More interestingly, it turns out that AppCmd can also provide the best performance for creating a large amount of websites on Windows Server 2008 when compared to the other options.  This should come as a surprise, especially when you consider that with some extra work you can create a WMI/Ahadmin COM script or .NET program using MWA that create all of the sites in a single run, as opposed to starting AppCmd a 1000 times.

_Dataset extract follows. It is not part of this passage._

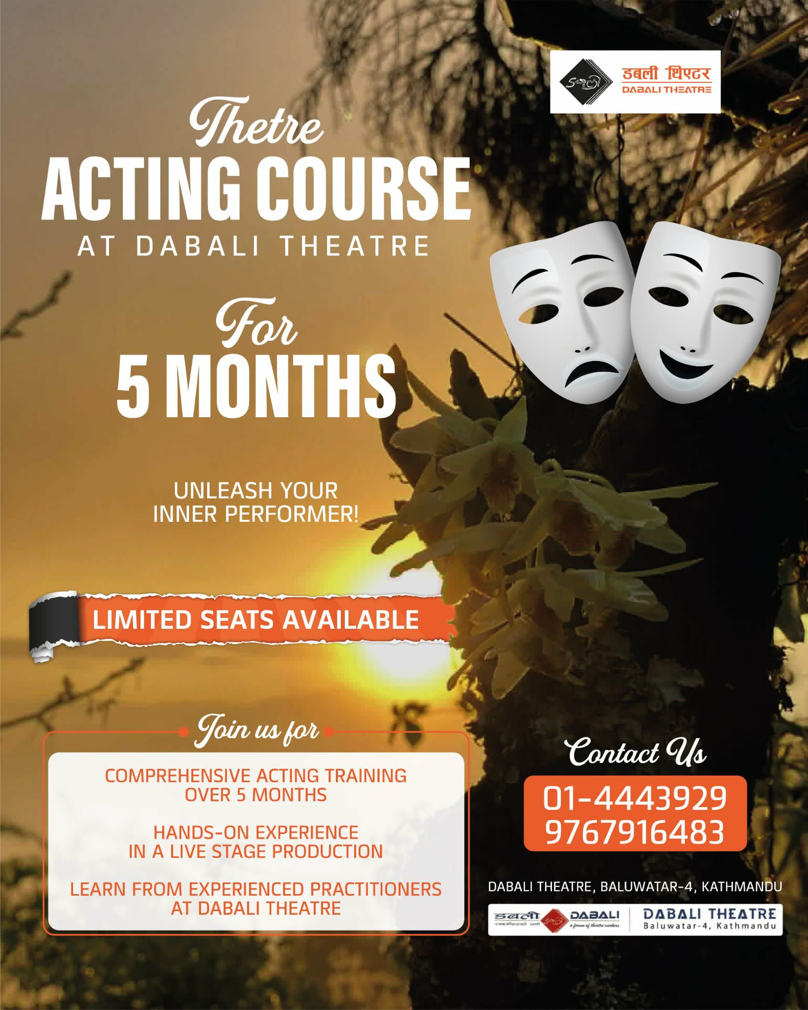 २६– चैत काठमाडौं । दबली थिएटरले पाँच महिने नाट्य अभिनय तालिम सञ्चालन गर्ने घोषणा गरेको छ। नाट्यकला क्षेत्रमा रुचि राख्ने तथा अभिनयमा दक्षता हासिल गर्न चाहने व्यक्तिहरूलाई लक्षित गर्दै उक्त तालिम सञ्चालन गर्न लागिएको हो। तालिममा सहभागीहरूले अभिनयका आधारभूतदेखि उन्नत विधिसम्मको ज्ञान तथा सीप हासिल

Indeed, you won’t get this performance if you write a batch file to run a 1000 of AppCmd Add Site commands, due to the high cost of starting a process and the expensive one-time initialization performed inside AppCmd.

To get this performance, you need to take advantage of, drum roll, command pipelining (You can learn more about it my previous post, Do complex IIS management tasks easily with AppCmd command piping).

Using AppCmd to bulk create IIS7 websites and application pools

To recap quickly, AppCmd supports piping the output of the LIST command as XML to another AppCmd command, which can take that output as its input.  This allows multiple AppCmd commands to be chained together and essentially create a pipeline of related operations.

If we take a look at the output of %windir%\system32\inetsrv\AppCmd List Sites /XML, we get the following:

<?xml version="1.0" encoding="UTF-8"?>
<appcmd>
    <SITE SITE.NAME="Default Web Site" SITE.ID="1" bindings="http/*:80:" state="Started" />
</appcmd>

Now, what would happen if we created an XML file containing our site definitions in this format, and then piped them to the AppCmd Add Site command? Voila, you just discovered what I call AppCmd bulk loading.

With this in mind, our process becomes:

1) Write a batch file that generates the sites.xml (or apppools.xml) file containing site (or application pool) definitions.  Here is an example:

gensitexml.bat:
@echo off
echo ^<appcmd^>
FOR /L %%I IN (0,1,%1) DO echo   ^<site name="Site%%I" bindings="http/*:80:site%%I" id="1%%I" physicalPath="%systemdrive%\inetpub\site%%I" /^>
echo ^</appcmd^>

gensitexml.bat 1000 > sites.xml

2) Run the AppCmd Add Site command with the /IN switch with that file as input:

%windir%\system32\inetsrv\AppCmd Add Sites /in < sites/xml

3) Watch our sites get created

In the case where you cannot use the AppCmd Add Site command’s short form for creating the site/root app/root vdir in a single command (by specifying the /physicalPath parameter), you can create the site, application, and virtual directory in 3 separate bulk operations.  You may need to do this if you need to create non-root apps/virtual directories for the site, or set application or virtual directory settings like the app’s applicationPool.  Just look at the output of AppCmd List Sites /XML, AppCmd List Apps /XML, and AppCmd List Vdirs /XML, create your bulk files as above, and feed them to AppCmd Add Site, AppCmd Add App, and AppCmd Add Vdir commands.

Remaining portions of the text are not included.